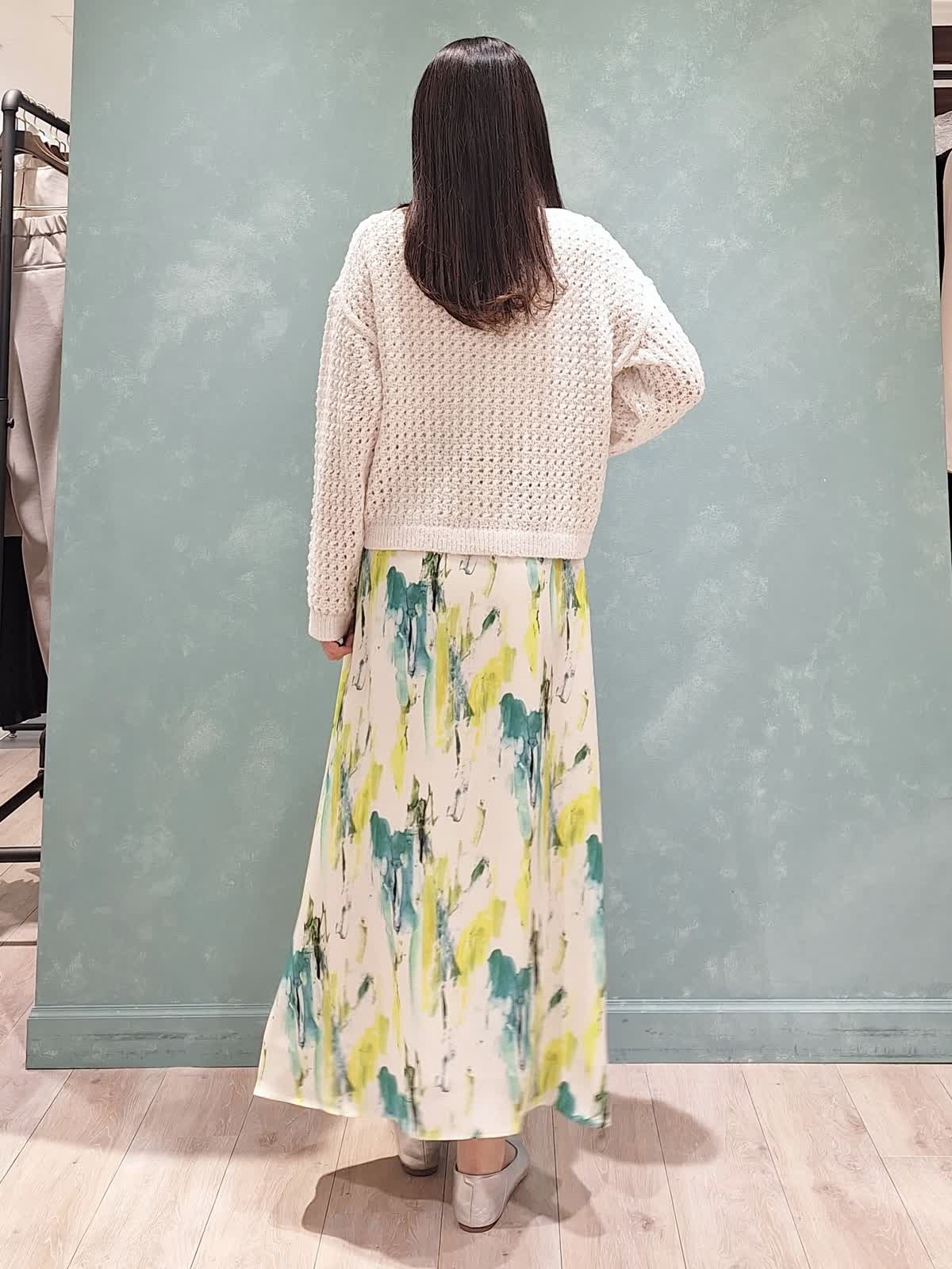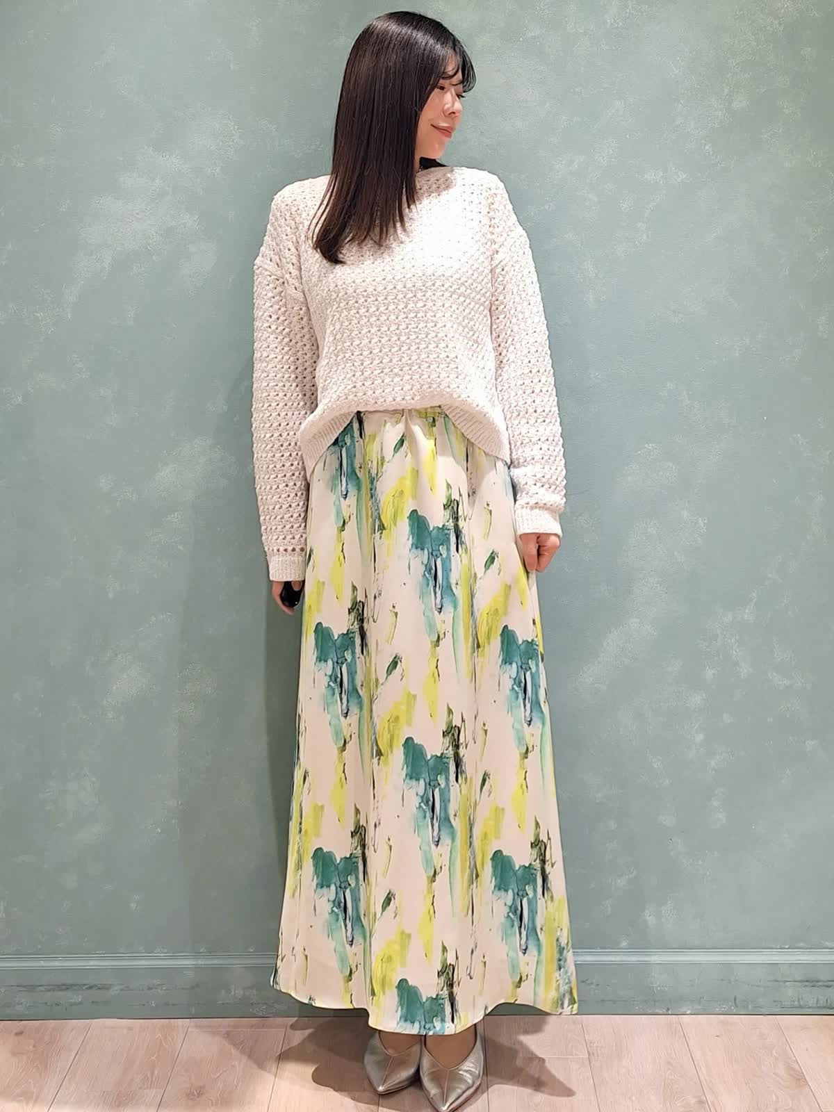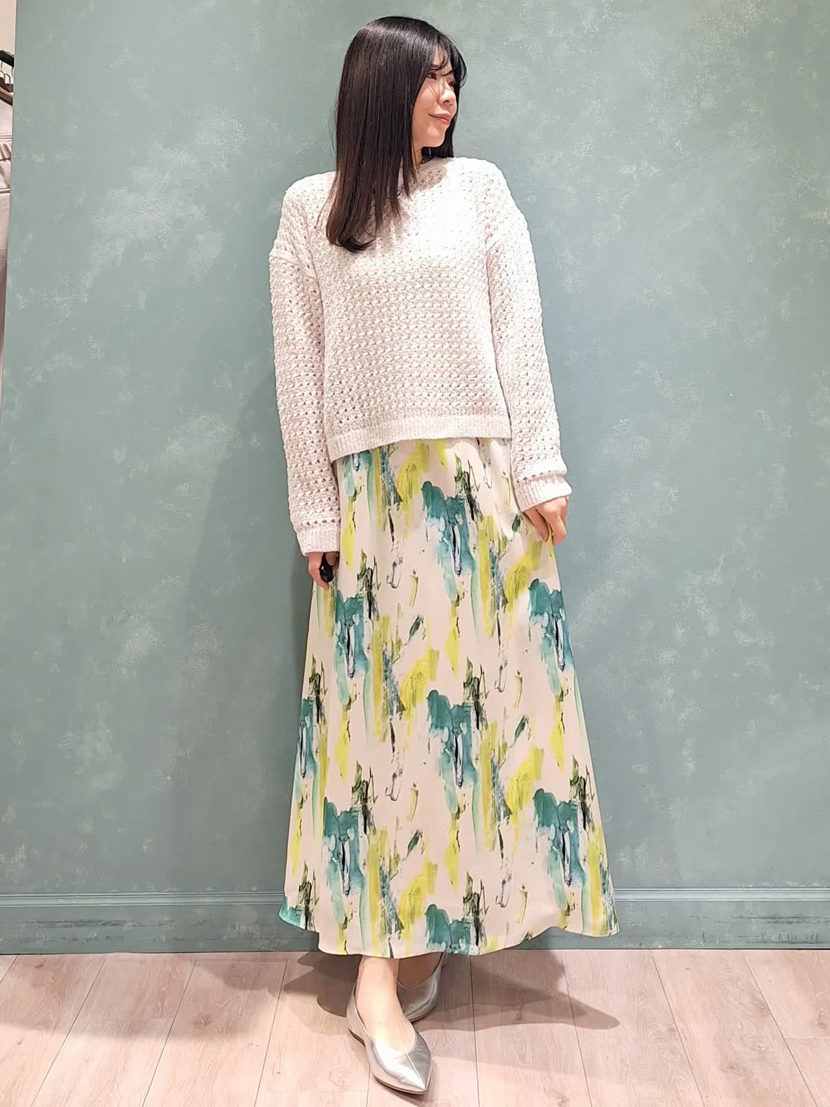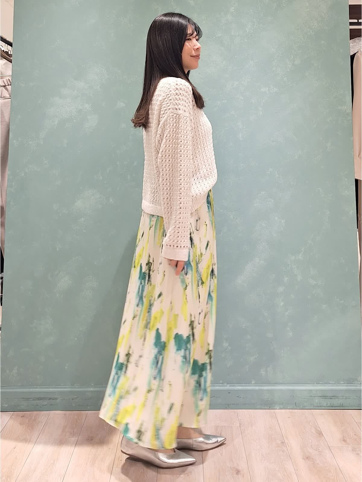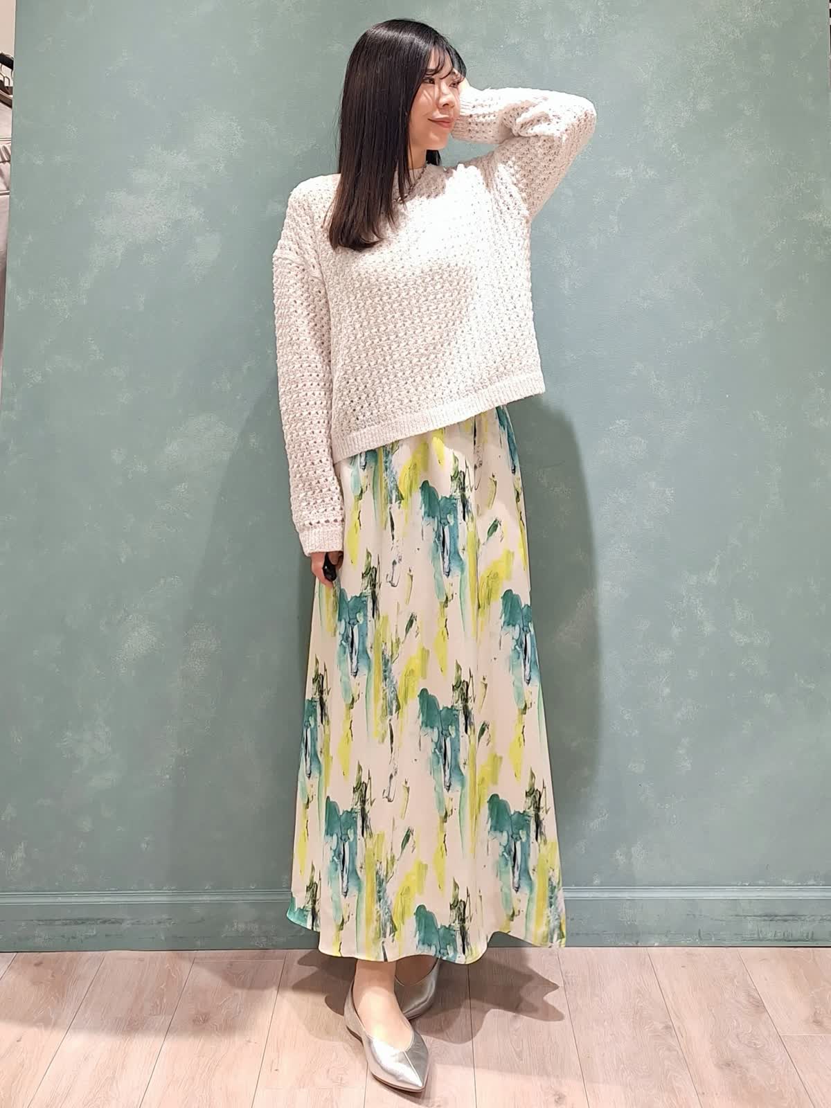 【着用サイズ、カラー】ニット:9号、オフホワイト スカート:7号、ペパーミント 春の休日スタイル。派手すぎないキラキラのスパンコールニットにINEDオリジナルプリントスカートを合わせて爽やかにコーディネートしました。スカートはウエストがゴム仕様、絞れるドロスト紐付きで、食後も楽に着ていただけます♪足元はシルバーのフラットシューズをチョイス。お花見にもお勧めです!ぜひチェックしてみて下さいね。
• • • •
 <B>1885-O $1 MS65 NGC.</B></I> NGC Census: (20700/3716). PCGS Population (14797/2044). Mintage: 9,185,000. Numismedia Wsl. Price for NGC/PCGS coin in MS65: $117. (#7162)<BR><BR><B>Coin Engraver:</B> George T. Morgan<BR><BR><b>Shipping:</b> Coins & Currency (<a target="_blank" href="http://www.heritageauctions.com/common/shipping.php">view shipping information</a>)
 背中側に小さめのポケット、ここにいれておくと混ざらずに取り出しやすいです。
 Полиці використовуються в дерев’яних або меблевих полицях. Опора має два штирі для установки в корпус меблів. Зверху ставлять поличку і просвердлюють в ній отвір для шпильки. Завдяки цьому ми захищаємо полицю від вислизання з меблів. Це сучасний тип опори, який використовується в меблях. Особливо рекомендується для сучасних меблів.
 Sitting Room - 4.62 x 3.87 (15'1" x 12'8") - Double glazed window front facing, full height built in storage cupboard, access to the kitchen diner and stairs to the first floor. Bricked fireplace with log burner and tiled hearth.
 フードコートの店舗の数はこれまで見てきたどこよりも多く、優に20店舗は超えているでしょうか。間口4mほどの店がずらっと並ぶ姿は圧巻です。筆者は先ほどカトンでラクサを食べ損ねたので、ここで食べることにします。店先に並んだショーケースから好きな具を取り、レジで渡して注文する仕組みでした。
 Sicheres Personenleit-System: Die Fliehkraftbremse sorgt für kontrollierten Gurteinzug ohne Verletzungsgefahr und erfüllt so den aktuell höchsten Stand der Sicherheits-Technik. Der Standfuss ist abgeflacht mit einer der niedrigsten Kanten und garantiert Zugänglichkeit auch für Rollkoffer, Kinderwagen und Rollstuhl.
• • • •
ABOUT THIS TASK: In the listing above, find the line with "背中側に小さめのポケット、ここにいれておくと混ざらずに取り出しやすいです。" and the line with "Sicheres Personenleit-System: Die". Output those two lines and every line between them, exactly as written.

TASK RESPONSE:
 背中側に小さめのポケット、ここにいれておくと混ざらずに取り出しやすいです。
 Полиці використовуються в дерев’яних або меблевих полицях. Опора має два штирі для установки в корпус меблів. Зверху ставлять поличку і просвердлюють в ній отвір для шпильки. Завдяки цьому ми захищаємо полицю від вислизання з меблів. Це сучасний тип опори, який використовується в меблях. Особливо рекомендується для сучасних меблів.
 Sitting Room - 4.62 x 3.87 (15'1" x 12'8") - Double glazed window front facing, full height built in storage cupboard, access to the kitchen diner and stairs to the first floor. Bricked fireplace with log burner and tiled hearth.
 フードコートの店舗の数はこれまで見てきたどこよりも多く、優に20店舗は超えているでしょうか。間口4mほどの店がずらっと並ぶ姿は圧巻です。筆者は先ほどカトンでラクサを食べ損ねたので、ここで食べることにします。店先に並んだショーケースから好きな具を取り、レジで渡して注文する仕組みでした。
 Sicheres Personenleit-System: Die Fliehkraftbremse sorgt für kontrollierten Gurteinzug ohne Verletzungsgefahr und erfüllt so den aktuell höchsten Stand der Sicherheits-Technik. Der Standfuss ist abgeflacht mit einer der niedrigsten Kanten und garantiert Zugänglichkeit auch für Rollkoffer, Kinderwagen und Rollstuhl.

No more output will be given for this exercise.